In Northern Thailand, on the night of the full moon of the eleventh month of the year, there is a festival called Loi Kratong. At midnight on that night, people float boats made of lotus leaves, lit with candles onto the river. In this way floating away the sins and bad luck of the previous year, and giving thanks to the water goddess for the rainy season. I knew nothing of this festival a few months ago. But my world became much bigger this fall.
Seems like most places in the world have a way to mark the darkest part of the year, and foreshadow the coming of the light. This is a time in the year that is about darkness and dread and death. Humans, optimistic little critters that we are, hang out with despair and try to get it to laugh. We festoon our rooms with sparkly things, we eat all kinds of comfort foods, we seek out the company of our friends or our families. We hang lights, or float lights into the river, or fire them into the sky in balloons or as fireworks. To remind the darkness that there is another side. To remind ourselves that the other side of death is life. After sleep comes wakefulness. Out of shit comes compost, comes gardens full of flowers, roses here, orchids in Thailand...

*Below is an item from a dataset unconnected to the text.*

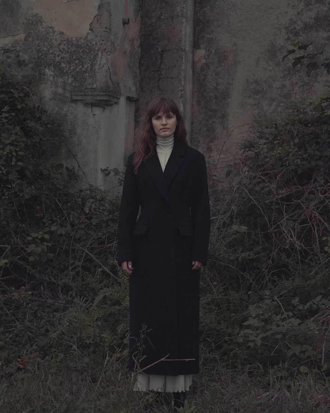 My812 представил на конкурс осенне-зимнюю коллекцию, посвященную спокойствию и тишине, которые появляются после принятия сложного решения. Трикотажные платья и платья из органзы, грифельные и пудровые пальто с высоким воротников и поясом сняты на фоне холодных пейзажей Северной Италии и озера Гарда – именно там был сделан кампейн бренда.
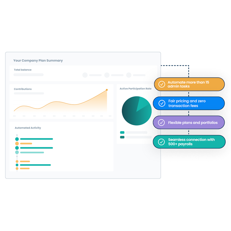 Your dashboard gives you a 360-degree view of your company plan, including employee participation and contribution reports. Employees can start saving in a few easy steps with our seamless onboarding and built-in investment education.

Listen. I work in the downtown eastside. Everyday I fall in love. Everyday my heart is broken. Sometimes I get stuck, stranded in the forest that I can't see because of the trees. Do you think needles grow on trees? The particular trees that don't grow downtown; the particular trees choking the forest of piss-smelling alleys... It's raining needles downtown into the alleys. And the rainmakers keep me in work. Thank you down. Thank you up. Thank you rock. For giving me a job today. Thank you capitalism and patriarchy for giving me my daily bread. And cake and coffee and way more than I need because I apply bandaids to those who have nothing.

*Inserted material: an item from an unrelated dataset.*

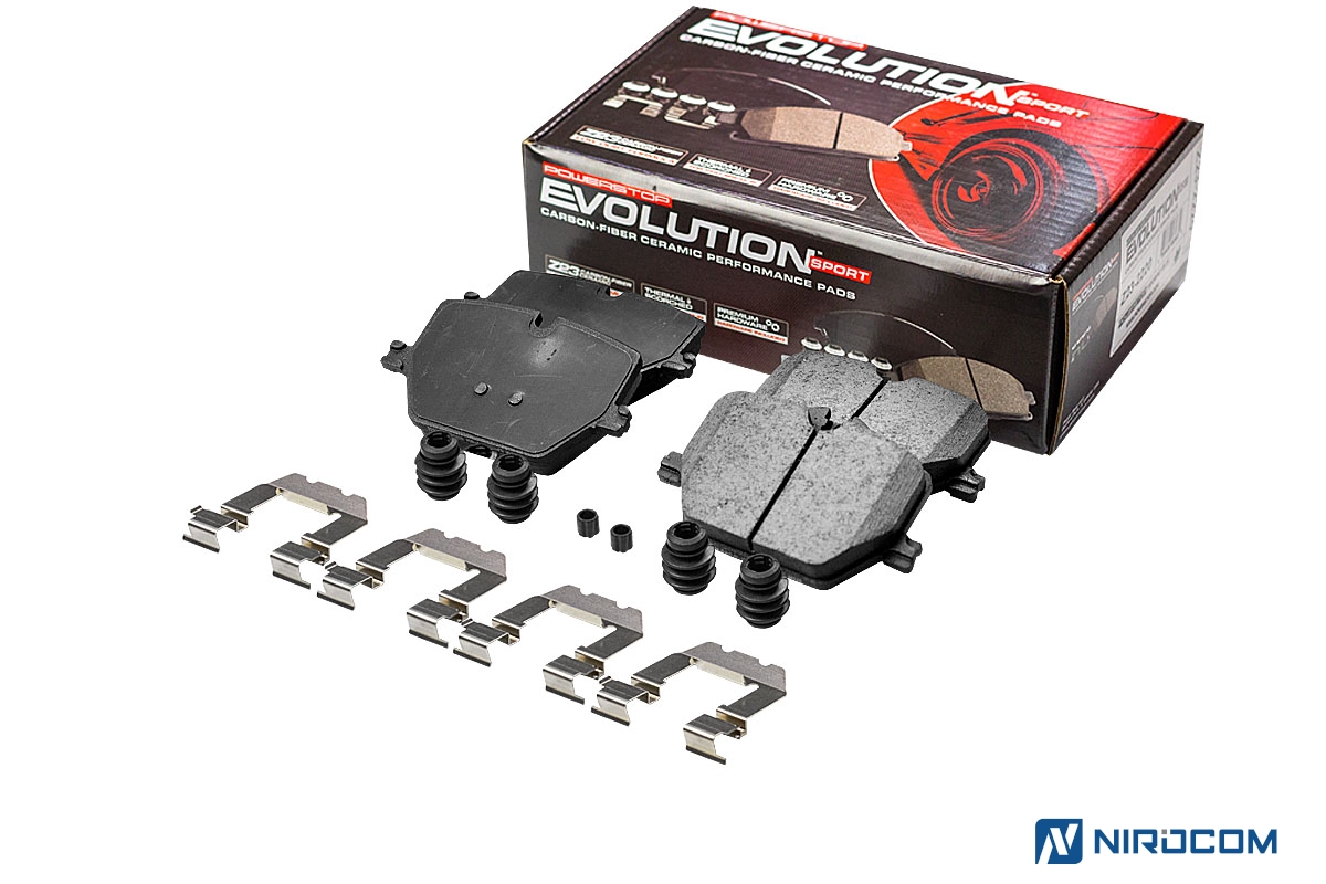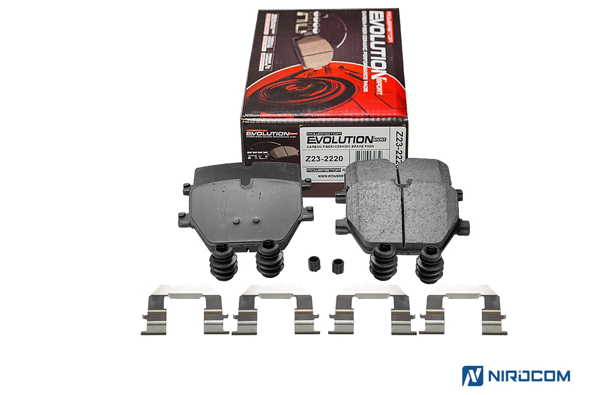 Power Stop Evolution Z23 – это керамический состав, укрепленный углеродными (карбоновыми) волокнами. На практике это высокотемпературная колодка, стойкая к износу, с повышенным коэффициентом трения

Sometimes my world has been so small. Get up, go to work, apply band-aids, go home, grieve, sleep, get up, go to work, fall in love, apply band-aids, go home, rage, sleep, get up, go to work, apply band aids, sing at the top of my lungs, go home...Sometimes I forget to look up.
What do I know of that kind of life? The violence and chaos that the women I work with live with every day? What do I know of dread? I was raised in sunlight, And the nights lit with a million stars in the sky. Darkness was not to be feared. Nope. Except for the nights after I read those spooky comic books, the stories of phantoms and devils and stuff like that. Even then, it wasn't the darkness of the night sky, it was the mysterious pit of my closet and under the bed that freaked me out. Still does, in fact. So many shapes of my own making and my own forgetting, lurking there...But the sunlit life of my childhood... I was always cherished and protected and encouraged. Encouraged. I did need that courage, though, really. Because I did know dread sometimes.
Sometimes, I would wake up in the middle of the night, my mother at my side, and she'd be saying to me, "Breathe deep and relax, Erin, breathe deep and relax" before I was aware that I was doing neither. Those nights, cool and dark, full of stars, my breathing sounded like grass growing. Like the squeal of machinery, factory sounds, dust on the move. Oceans crashing to shore.
I imagined, for my comfort, that in my chest was a treehouse. A treehouse within a vast labyrinth of branches. And in the house lived a family. This was the Wheeze family, and the children fought, like my brother and I did. The parents got on alright, but sometimes the mother would threaten to come after the rowdy kids with the wooden spoon. That never seemed to settle them down, especially not in the middle of the night. Until my mother made me hot honey and lemon and we talked about the sound of the grass growing, the real sound we could hear in the deep stillness of the night. We talked about what she had wanted to be when she grew up. And we talked about how I was afraid to grow up myself. And in general, our conversation was so interesting, and the hot honey and lemon was so soothing, that the Wheeze family settled down to listen, as if clustered around a radio in the treehouse. And then we all slept.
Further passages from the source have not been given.